If you like to use them, feel free to enable them in the default.properties
or create a new .properties
-File and pass the path to this file via the config
-parameter.
Program Parameters
Run java -jar ddw-0.4.7.jar -help
to get an overview of the possible command line arguments:
-config <path> Config file -help print this message -input <path> Input path -language <lang> Language code for input file (default: en) -output <path> Output path -reader <reader> Either text (default) or xml -resume Already processed files will be skipped
The pipeline supports a resume function. By adding the -resume
argument to the exection of the pipeline, all files that were previously processed and have an according .csv
-file in the output folder will be skipped.
File Reader
You can process either single files or also all files inside a directory. Patterns can be used to select specific files that should be processed.
Text Reader & XML Reader
The DARIAH-DKPro-Wrapper implements two base readers, one text reader and one XML-file reader. You can specify the reader that should be used with the -reader
parameter. By default, the text reader is used. To use the XML reader, run the pipeline in the following way:
java -Xmx4g -jar ddw-0.4.7.jar -reader xml -input file.xml -output folder
The XML reader skips XML tags and processes only text which is inside the XML tags. The XPath to each tag is conserved and stored in the column SectionId in the ouput format.
Reading Directories
You can also specify for the -input argument a directory instead of a file. If you run the pipeline in the following way:
java -Xmx4g -jar ddw-0.4.7.jar -input folder/With/Files/ -output folder
the pipeline will process all files with a .txt extension for the Text-reader. For the XML-reader, it will process all files with a .xml extension.
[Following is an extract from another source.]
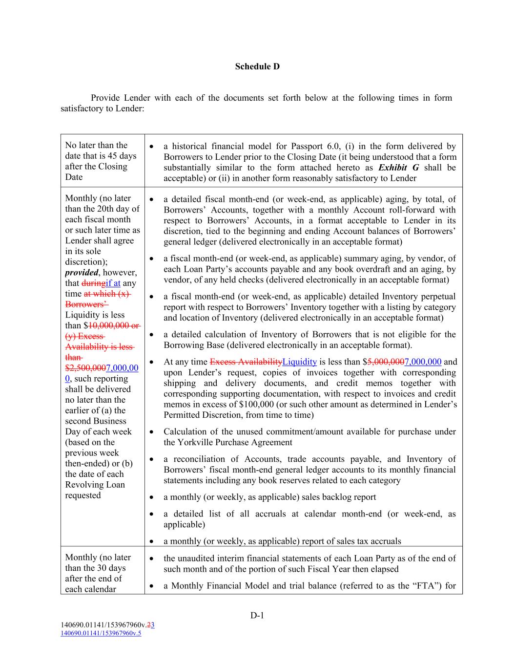 D-1 140690.01141/153967960v.23 140690.01141/153967960v.5 Monthly (no later than the 20th day of each fiscal month or such later time as Lender shall agree in its sole discretion); provided, however, that duringif at any time at which (x) Borrowers’ Liquidity is less than $10,000,000 or (y) Excess Availability is less than $2,500,0007,000,00 0, such reporting shall be delivered no later than the earlier of (a) the second Business Day of each week (based on the previous week then-ended) or (b) the date of each Revolving Loan requested a detailed fiscal month-end (or week-end, as applicable) aging, by total, of Borrowers’ Accounts, together with a monthly Account roll-forward with respect to Borrowers’ Accounts, in a format acceptable to Lender in its discretion, tied to the beginning and ending Account balances of Borrowers’ general ledger (delivered electronically in an acceptable format) a fiscal month-end (or week-end, as applicable) summary aging, by vendor, of each Loan Party’s accounts payable and any book overdraft and an aging, by vendor, of any held checks (delivered electronically in an acceptable format) a fiscal month-end (or week-end, as applicable) detailed Inventory perpetual report with respect to Borrowers’ Inventory together with a listing by category and location of Inventory (delivered electronically in an acceptable format) a detailed calculation of Inventory of Borrowers that is not eligible for the Borrowing Base (delivered electronically in an acceptable format). At any time Excess AvailabilityLiquidity is less than $5,000,0007,000,000 and upon Lender’s request, copies of invoices together with corresponding shipping and delivery documents, and credit memos together with corresponding supporting documentation, with respect to invoices and credit memos in excess of $100,000 (or such other amount as determined in Lender’s Permitted Discretion, from time to time) Calculation of the unused commitment/amount available for purchase under the Yorkville Purchase Agreement a reconciliation of Accounts, trade accounts payable, and Inventory of Borrowers’ fiscal month-end general ledger accounts to its monthly financial statements including any book reserves related to each category a monthly (or weekly, as applicable) sales backlog report a detailed list of all accruals at calendar month-end (or week-end, as applicable) a monthly (or weekly, as applicable) report of sales tax accruals No later than the date that is 45 days after the Closing Date Monthly (no later than the 30 days after the end of each calendar a historical financial model for Passport 6.0, (i) in the form delivered by Borrowers to Lender prior to the Closing Date (it being understood that a form substantially similar to the form attached hereto as Exhibit G shall be acceptable) or (ii) in another form reasonably satisfactory to Lender the unaudited interim financial statements of each Loan Party as of the end of such month and of the portion of such Fiscal Year then elapsed a Monthly Financial Model and trial balance (referred to as the “FTA”) for Schedule D Provide Lender with each of the documents set forth below at the following times in form satisfactory to Lender:

You can speficy also patterns to read in only certain files or files with certain extension. For example to read in only .tei with the XML reader, you must start the pipeline in the following way:
java -Xmx4g -jar ddw-0.4.7.jar -reader xml -input "folder/With/Files/*.tei" -output folder
Note: If you use patterns (i.e. paths containing an *), you must set it into quotes to prevent shell globbing.
To read all files in all subfolders, you can use a pattern like this:
java -Xmx4g -jar ddw-0.4.7.jar -input "folder/With/Subfolders/\**/*.txt" -output folder
This will read in all .txt files in all subfolders. Note that the subfolder path will not be maintained in the output folder.
Write Your Own Config Files
The pipeline can be configurated via properties-files that are stored in the configs
folder. In this folder you find a default.properties
, the most basic configuration file. For the different supported languages, you can find further properties-files, for example default_de.properties
for German, default_en.properties
for English and so on.
If you like to write your own config file, just create your own .properties
file. You can run the pipeline with your .properties
-file by setting the command argument.
java -Xmx4g -jar ddw-0.4.7.jar -config /path/to/my/config/myconfigfile.properties -input file.txt -output folder
In case you store your myconfigfile.properties
in the configs
folder, you can run the pipeline via:
java -Xmx4g -jar ddw-0.4.7.jar -config myconfigfile.properties -input file.txt -output folder
You can split your config file into different parts and pass them all to the pipeline by seperating the paths using comma or semicolons. The pipeline examines all passed config files and derives the final configuration from all files. The config-file passed as last arguments has the highest priority, i.e. it can overwrite the values for all previous config files:
java -Xmx4g -jar ddw-0.4.7.jar -config myfile1.properties,myconfig2.properties,myfile3.properties -input file.txt -output folder
Note: The system always uses the default.properties and default_[langcode].properties as basic configuration files. All further config files are added on top of these files.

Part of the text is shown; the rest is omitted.